Голова вдов; но у него живет в доме свояченица, которая варит обедать и ужинать, моет лавки, белит хату, прядет ему на рубашки и заведывает всем домом. На селе поговаривают, будто она совсем ему не родственница; но мы уже видели, что у головы много недоброжелателей, которые рады распускать всякую клевету. Впрочем, может быть, к этому подало повод и то, что свояченице всегда не нравилось, если голова заходил в поле, усеянное жницами, или к козаку, у которого была молодая дочка. Голова крив; но зато одинокий глаз его злодей и далеко может увидеть хорошенькую поселянку. Не прежде, однако ж, он наведет его на смазливое личико, пока не обсмотрится хорошенько, не глядит ли откуда свояченица. Но мы почти все уже рассказали, что нужно, о голове; а пьяный Каленик не добрался еще и до половины дороги и долго еще угощал голову всеми отборными словами, какие могли только вспасть на лениво и несвязно поворачивавшийся язык его.
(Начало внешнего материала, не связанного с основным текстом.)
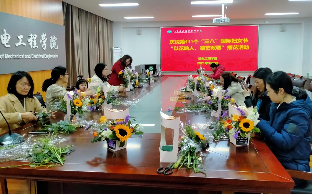 3月5日下午,机电工程学院组织女教职工开展“以花喻人,德艺双馨”插花活动。活动开始前,大家深入学习了张桂梅、王淑芳、李兰娟、夏森、樊锦诗、黄文秀等巾帼们春蚕一般的奉献精神。随后开展了“以花喻人,德艺双馨”插花活动,活动邀请了专业花艺师为教师们量身订制了一节插花课,从花材的配色、主花和辅花的插花方法等方面给予了指导,活动现场香气扑鼻,气氛温馨。
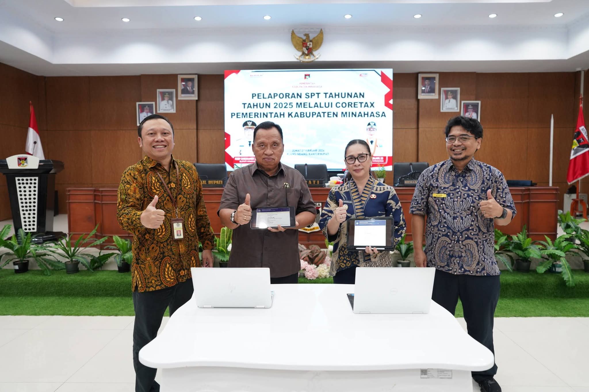 MINAHASA – Bupati Minahasa, Robby Dondokambey, S.Si., MAP., bersama Wakil Bupati Minahasa, Vanda Sarundajang, SS., menghadiri sekaligus memimpin kegiatan Pelaporan Surat Pemberitahuan (SPT) Tahunan Tahun Pajak 2025 melalui sistem Coretax di lingkungan Pemerintah Kabupaten Minahasa. Kegiatan tersebut dilaksanakan di Ruang Sidang Kantor Bupati Minahasa dan diikuti oleh jajaran pejabat serta Aparatur Sipil Negara (ASN), Jumat 27 Februari 2026
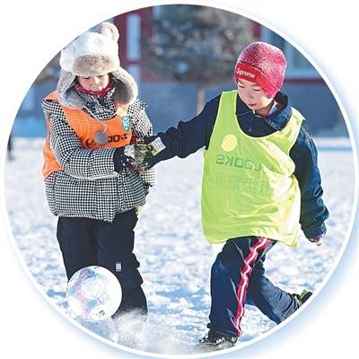 “雪假”期間,內蒙古呼倫貝爾額爾古納市學生參加雪地足球活動。 王 正攝
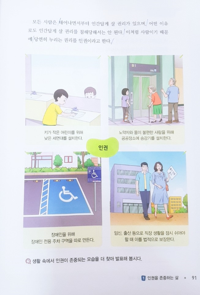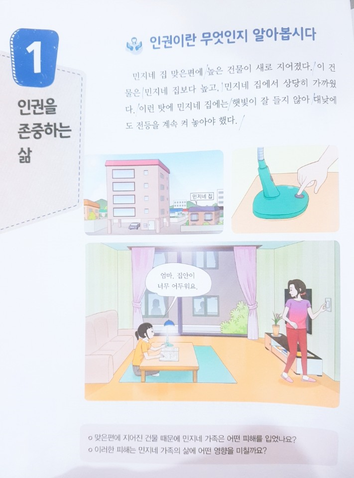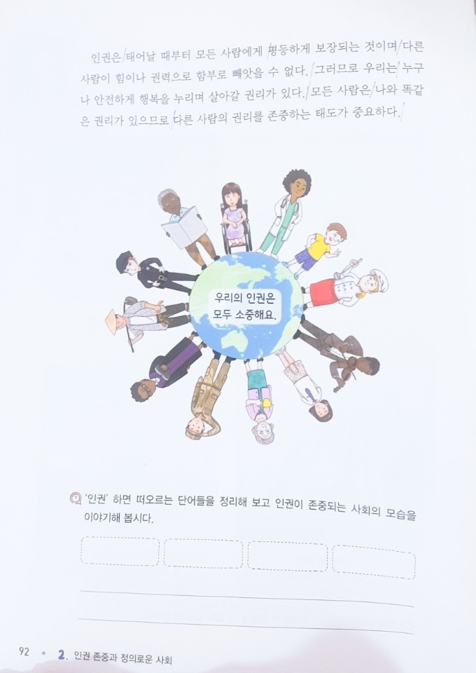 요즘 아이들은 공부할 때 교과서를 잘 보지 않는다. 하지만 나는 공부할 때 제일 우선되어야 하는 교재가 교과서라고 생각하기 때문에 처음 단계에서는 교과서를 읽힌다. 그런데 학생들은 생각보다 교과서 이해하기를 어려워한다. 가만히 살펴보니 단어의 뜻을 모를 때 이해하지 못해는 경우가 많았다. 교과서는 주로 설명하는 형태의 글로 되어 있다. 그래서 단어를 모르면 개념을 이해하기가 어렵다. 개념을 이해하지 못하면 심화 단계로 넘어가지 못하는 것은 당연한 일이다. 다음은 2019년 5학년 사회 교과서 2단원 「인권 존중과 정의로운 사회」이다.
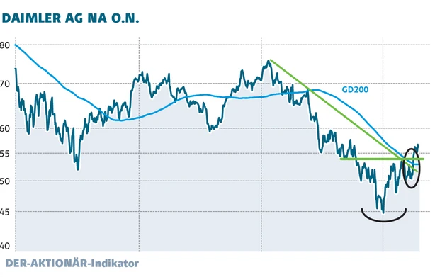 Die Aktie von Daimler hat in der vergangenen Woche ein Kaufsignal geliefert. Sowohl der Abwärtstrend als auch die 200-Tage-Linie wurden geknackt. Mit einem freundlichen Gesamtmarkt im Rücken hat die Aktie durchaus das Potenzial, bis in den Bereich zwischen 60,15 Euro und 63,50 Euro zu klettern. Hier liegen die nächsten stärkeren Widerstände.
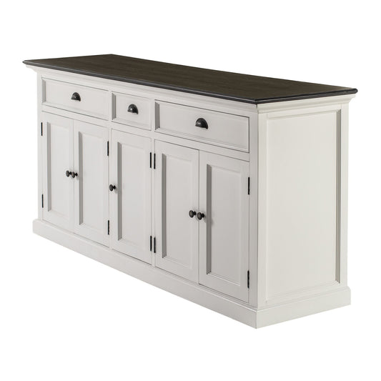 NovaSolo Halifax Contrast 71" Classic White & Black Mahogany Buffet With 5 Doors & 3 Drawers
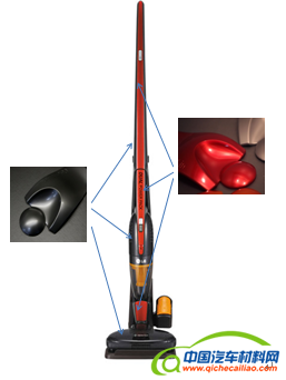 美学塑料是近几年流行起来的全新的外观解决方案,它将具有特殊效果的塑料粒子用常规的注塑或挤出等工艺,一次成型就可以实现产品靓丽的外观。该方案相比前几种方案,真正实现了低碳环保和一次成型。喷漆、电镀和水转印工艺冗长,涉及的有害化学品众多,而模内装饰虽然称之为“免喷涂”,但它其实是将喷涂等处理放到了制膜阶段,也存在工艺繁琐,环境污染的问题,相比之下,美学塑料才能真正地实现一次成型和低碳环保。该材料做得较好的国外厂家是Sabic和Cheil,国内技术比较领先的是上海锦湖日丽塑料有限公司,图5就是其美学塑料产品在LG吸尘器外壳上的应用。
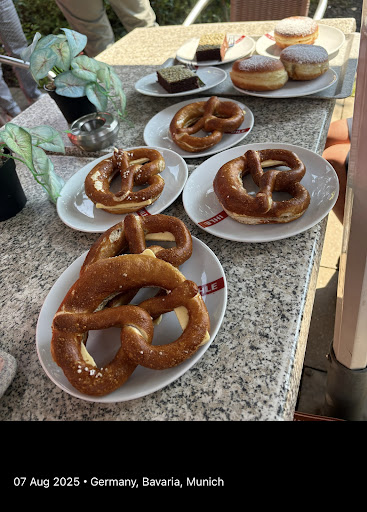 Bavarian Breakfast in Munich This is a super authentic and yummy spread of classic Bavarian treats. The best part, for sure, is the big pile of pretzels (Brezen). They have that perfect dark, shiny crust and look perfectly baked super crispy on the outside and soft on the inside. That's how you know they're really good! The rest of the meal is great too, with classic sweet stuff like those sugary doughnuts (Krapfen) and a thick, moist-looking brownie or chocolate slice. That mix of salty pretzels and sweet desserts makes it a truly great breakfast. It's all set up nicely but keeps it simple, focusing on how fresh and tasty these local favorites are. Overall, this is the perfect, classic way to start your...
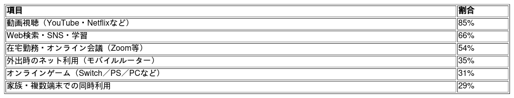 動画視聴が85%と突出しており、SNSやオンライン会議など高品質な通信を求める利用が中心となっています。日常的に負荷の高い通信が増えている中、安定した接続環境へのニーズが強まっていることが明らかです。

– Нет, хлопцы, нет, не хочу! Что за разгулье такое! Как вам не надоест повесничать? И без того уже прослыли мы Бог знает какими буянами. Ложитесь лучше спать! – Так говорил Левко разгульным товарищам своим, подговаривавшим его на новые проказы. – Прощайте, братцы! покойная вам ночь! – и быстрыми шагами шел от них по улице.
«Спит ли моя ясноокая Ганна?» – думал он, подходя к знакомой нам хате с вишневыми деревьями. Среди тишины послышался тихий говор. Левко остановился. Между деревьями забелела рубашка… «Что это значит?» – подумал он и, подкравшись поближе, спрятался за дерево. При свете месяца блистало лицо стоявшей перед ним девушки… Это Ганна! Но кто же этот высокий человек, стоявший к нему спиною? Напрасно обсматривал он: тень покрывала его с ног до головы. Спереди только он был освещен немного; но малейший шаг вперед Левка уже подвергал его неприятности быть открытым. Тихо прислонившись к дереву, решился он остаться на месте. Девушка ясно выговорила его имя.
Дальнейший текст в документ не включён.